### Exercise description
I need every line of the material below that includes the string "from".

### Data listing

++++++++++

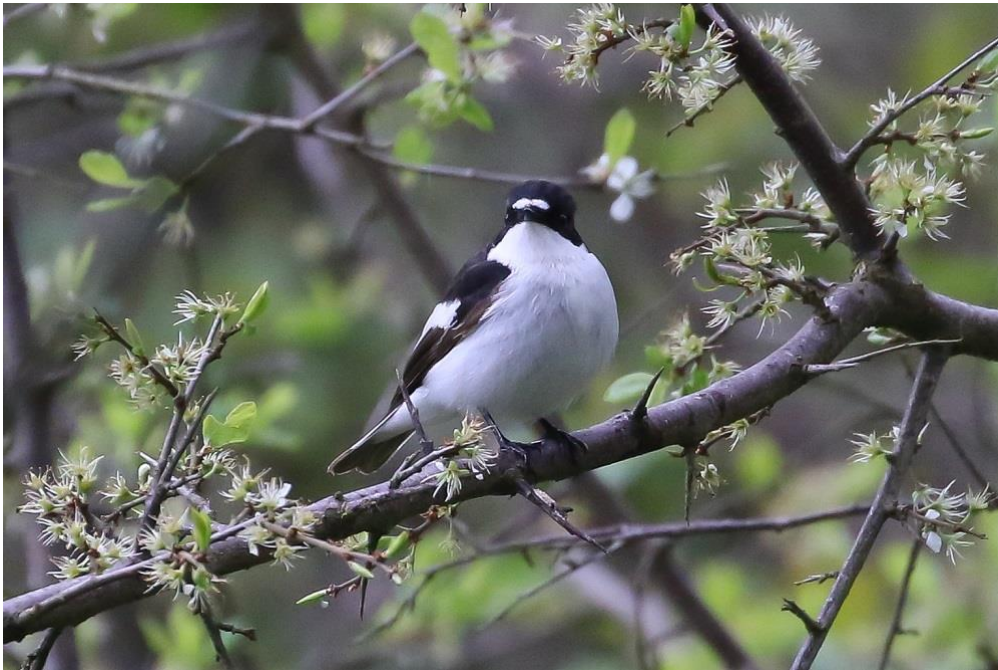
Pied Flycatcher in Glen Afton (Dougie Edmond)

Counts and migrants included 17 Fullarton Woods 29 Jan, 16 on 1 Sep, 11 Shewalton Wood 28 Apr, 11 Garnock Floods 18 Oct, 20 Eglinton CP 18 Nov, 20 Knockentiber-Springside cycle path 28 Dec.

++++++++++

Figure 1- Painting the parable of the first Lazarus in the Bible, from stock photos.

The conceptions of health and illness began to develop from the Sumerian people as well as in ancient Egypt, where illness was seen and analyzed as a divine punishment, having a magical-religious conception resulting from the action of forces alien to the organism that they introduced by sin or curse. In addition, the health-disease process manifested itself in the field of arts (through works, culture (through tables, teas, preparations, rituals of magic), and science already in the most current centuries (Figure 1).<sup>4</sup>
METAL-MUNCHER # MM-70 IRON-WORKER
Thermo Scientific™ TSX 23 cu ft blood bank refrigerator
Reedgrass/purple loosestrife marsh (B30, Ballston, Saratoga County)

++++++++++

### Answer to the problem
Figure 1- Painting the parable of the first Lazarus in the Bible, from stock photos.
The conceptions of health and illness began to develop from the Sumerian people as well as in ancient Egypt, where illness was seen and analyzed as a divine punishment, having a magical-religious conception resulting from the action of forces alien to the organism that they introduced by sin or curse. In addition, the health-disease process manifested itself in the field of arts (through works, culture (through tables, teas, preparations, rituals of magic), and science already in the most current centuries (Figure 1).<sup>4</sup>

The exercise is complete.